● Work order: After finding the line with "楼主说,因为角阀装在浴缸最里" in the data below, set down exactly each line through the one with "10日-20日-30日均线 【金山谷】买入点 其再次确认了买入信号,可靠性更强,买入", inclusive, and stop there.

● Data:
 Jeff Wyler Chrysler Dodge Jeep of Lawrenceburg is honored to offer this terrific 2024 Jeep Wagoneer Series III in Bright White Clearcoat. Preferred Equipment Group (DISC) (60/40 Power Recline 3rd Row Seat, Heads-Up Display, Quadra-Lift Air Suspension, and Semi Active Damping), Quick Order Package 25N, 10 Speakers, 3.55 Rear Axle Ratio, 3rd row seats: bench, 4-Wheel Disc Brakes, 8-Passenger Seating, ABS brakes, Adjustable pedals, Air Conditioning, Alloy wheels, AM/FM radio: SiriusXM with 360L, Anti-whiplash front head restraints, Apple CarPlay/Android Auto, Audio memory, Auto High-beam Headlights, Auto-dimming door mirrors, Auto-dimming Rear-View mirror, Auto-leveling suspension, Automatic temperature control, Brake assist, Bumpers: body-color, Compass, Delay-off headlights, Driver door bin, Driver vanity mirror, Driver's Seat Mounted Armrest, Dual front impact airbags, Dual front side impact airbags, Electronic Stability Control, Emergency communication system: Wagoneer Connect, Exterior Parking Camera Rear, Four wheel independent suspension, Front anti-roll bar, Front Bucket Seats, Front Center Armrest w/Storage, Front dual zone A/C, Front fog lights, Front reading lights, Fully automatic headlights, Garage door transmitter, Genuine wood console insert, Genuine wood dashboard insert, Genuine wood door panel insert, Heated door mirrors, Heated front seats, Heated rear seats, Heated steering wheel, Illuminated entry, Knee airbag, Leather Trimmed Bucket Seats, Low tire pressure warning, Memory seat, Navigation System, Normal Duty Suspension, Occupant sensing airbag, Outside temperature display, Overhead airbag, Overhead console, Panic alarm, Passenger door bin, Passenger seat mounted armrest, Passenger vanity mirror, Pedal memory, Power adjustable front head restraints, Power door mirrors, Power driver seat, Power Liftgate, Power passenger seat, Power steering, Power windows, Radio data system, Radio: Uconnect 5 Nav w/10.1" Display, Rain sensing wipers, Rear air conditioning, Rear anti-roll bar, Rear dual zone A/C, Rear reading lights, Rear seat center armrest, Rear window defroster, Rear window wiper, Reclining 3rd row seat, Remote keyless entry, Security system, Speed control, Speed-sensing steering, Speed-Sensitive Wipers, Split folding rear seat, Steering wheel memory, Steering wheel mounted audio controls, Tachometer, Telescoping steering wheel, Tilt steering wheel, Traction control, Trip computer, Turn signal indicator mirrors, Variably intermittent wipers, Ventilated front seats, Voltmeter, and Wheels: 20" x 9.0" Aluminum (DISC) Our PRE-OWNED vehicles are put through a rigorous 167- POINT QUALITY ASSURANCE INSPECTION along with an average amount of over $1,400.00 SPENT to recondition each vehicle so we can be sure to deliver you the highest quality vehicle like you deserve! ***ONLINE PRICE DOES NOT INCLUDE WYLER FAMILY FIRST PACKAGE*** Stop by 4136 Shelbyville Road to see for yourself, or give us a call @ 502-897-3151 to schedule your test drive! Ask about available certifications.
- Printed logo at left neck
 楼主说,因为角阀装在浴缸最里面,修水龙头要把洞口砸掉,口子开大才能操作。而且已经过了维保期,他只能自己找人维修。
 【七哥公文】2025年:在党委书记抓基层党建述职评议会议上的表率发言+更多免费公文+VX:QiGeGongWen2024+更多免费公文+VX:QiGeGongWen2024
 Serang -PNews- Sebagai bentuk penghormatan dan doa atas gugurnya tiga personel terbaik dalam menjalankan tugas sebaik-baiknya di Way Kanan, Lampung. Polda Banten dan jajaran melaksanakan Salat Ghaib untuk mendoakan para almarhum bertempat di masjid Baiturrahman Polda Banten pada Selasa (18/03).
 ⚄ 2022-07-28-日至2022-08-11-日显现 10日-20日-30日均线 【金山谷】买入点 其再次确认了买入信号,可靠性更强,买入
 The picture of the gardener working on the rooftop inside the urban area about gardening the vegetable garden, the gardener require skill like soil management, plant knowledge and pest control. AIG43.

● The completed task:
 楼主说,因为角阀装在浴缸最里面,修水龙头要把洞口砸掉,口子开大才能操作。而且已经过了维保期,他只能自己找人维修。
 【七哥公文】2025年:在党委书记抓基层党建述职评议会议上的表率发言+更多免费公文+VX:QiGeGongWen2024+更多免费公文+VX:QiGeGongWen2024
 Serang -PNews- Sebagai bentuk penghormatan dan doa atas gugurnya tiga personel terbaik dalam menjalankan tugas sebaik-baiknya di Way Kanan, Lampung. Polda Banten dan jajaran melaksanakan Salat Ghaib untuk mendoakan para almarhum bertempat di masjid Baiturrahman Polda Banten pada Selasa (18/03).
 ⚄ 2022-07-28-日至2022-08-11-日显现 10日-20日-30日均线 【金山谷】买入点 其再次确认了买入信号,可靠性更强,买入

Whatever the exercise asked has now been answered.